A nonsensical heist movie partially made up for by liberal Wahlberg shirtlessness.
Patti Perret © 2012 Universal Studios. All rights reserved.
Contraband (Universal) is a classic early-January release—the kind of middling-but-watchable heist thriller that, days after seeing it, already feels like something you caught half of on a plane two years ago. This story of a former smuggler pulled back into the business against his will is a remake of the 2008 Icelandic film Reykjavik-Rotterdam, and is directed by that film’s producer and star, Baltasar Kormákur. The setting has been moved to New Orleans, and the broodingly handsome Kormákur has been replaced by the unbroodingly handsome Mark Wahlberg, whose presence is the only reason to consider stirring from your post-holiday languor to see this movie.
I won’t try to make the case, as Adam Sternbergh half-jokingly did on the Times’ 6th Floor blog early this week, that Wahlberg has been cheated of his due as the greatest actor of his generation. Though there’s no question he’s been wonderful in movies as diverse as Three Kings, Boogie Nights, The Fighter, and I Heart Huckabees, Wahlberg is no accent-mastering shape-shifter, no saturnine Leo Di Caprio or whimsical Johnny Depp: What you see is what you get. But this true-to-his-word decency, this simplicity, is precisely what you cast Wahlberg for. I had plenty of time to consider the actor’s appeal during the unspooling of the otherwise nondescript Contraband, and here’s what I came up with: Mark Wahlberg is attractive because he seems genuinely, effortlessly masculine rather than anxiously, compensatorily macho. You believe he could singlehandedly spearhead an international smuggling scheme while also believing he’s a sweet, vulnerable family man hopelessly in love with his wife. Liam Neeson shares this badass-yet-tender quality; it’s served both actors well in the current action-hero phase of their careers, and (speaking purely as a film scholar) it’s catnip to the ladies.
Chris Farraday, Wahlberg’s character in Contraband, is the gone-straight scion of a notorious family of smugglers. At his friend Danny’s (Lukas Haas) wedding, the drunken reminiscences are all variations on, “Could this guy smuggle or could he smuggle?” Chris now runs a legit business installing private security systems, but he’s drawn back into the life when his pea-brained brother-in-law Andy (Caleb Landry Jones) botches a job delivering drugs to a local small-time hood, Tim Briggs (Giovanni Ribisi).
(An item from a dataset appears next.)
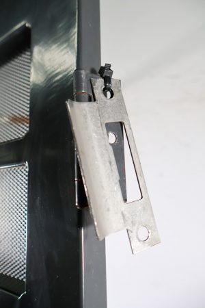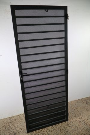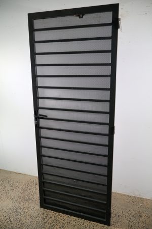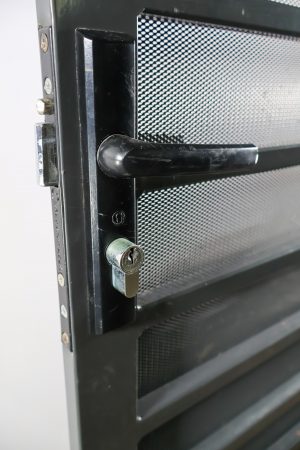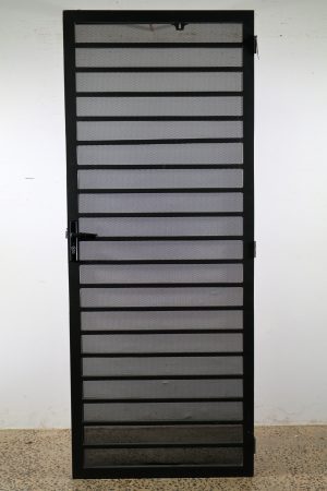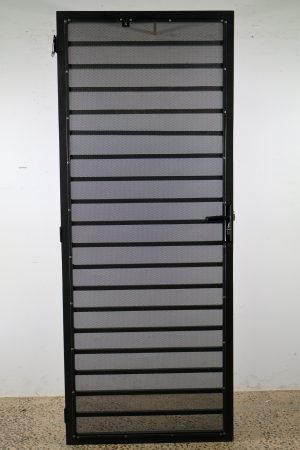 This sturdy security door is a heavy duty piece with a steel frame that’s a dark grey in colour.

In order to pay off Andy’s debt, and keep the psychotic Tim away from his wife and children, Chris agrees to pull off one last big job—no reformed criminal in a movie apparently ever having seen a one-last-big-job movie.
The resulting plan involves American currency counterfeited in Panama, a getaway van in a storage container, J.K. Simmons as a mustachioed ship’s captain, and a stolen Jackson Pollock that at one point gets toted through a car chase and a gunfight, giving new meaning to the term “action painting.” This smuggling plot doesn’t make much sense, but it’s a lot more fun than the dreary back-at-home storyline that has Chris’ gorgeous but blank-faced wife Kate (Kate Beckinsale) getting threatened by the nasty Briggs and sexually harassed by Chris’ best friend Sebastian (Ben Foster).
Contraband’s problem lies, in part, with its heedless mishmash of acting styles. Beckinsale is inexpressive to the point of near-somnolence, as if her character has an undisclosed heroin habit, while Ribisi gives a performance that’s so mannered and flamboyant it’s exhausting to watch. Tim Briggs is an interestingly non-archetypal villain for a movie of this sort: neither a mastermind nor a thug but more of a straight-up scumbag, a scrawny loser with a wheedling high-pitched voice and taste for other people’s pain. But Ribisi is way too pleased with the distinctive voice and gestures he’s created for this context-free bogeyman. Tim Briggs seems to exist in a different movie than his fellow characters; in the few moments when hero and villain come face to face, the contrast between Wahlberg’s stoic understatement and Ribisi’s gonzo hot-dogging is comical.
There’s more than one cause for unintended laughter in Contraband—including the cognitively dissonant fact that no one in Chris Farraday’s loyal band of co-smugglers seems to notice that his every idea backfires spectacularly. But there are also a few moments that provoke intended laughter, among them some memorably filthy man-banter and a very funny twist involving J.K. Simmons in boxer shorts. If you enjoy watching Mark Wahlberg do that action-movie thing he does—a thing involving hidden cash belts and judicious ass-kicking and maritally sanctioned shirtlessness—you could do worse than to spend your next plane ride watching Contraband.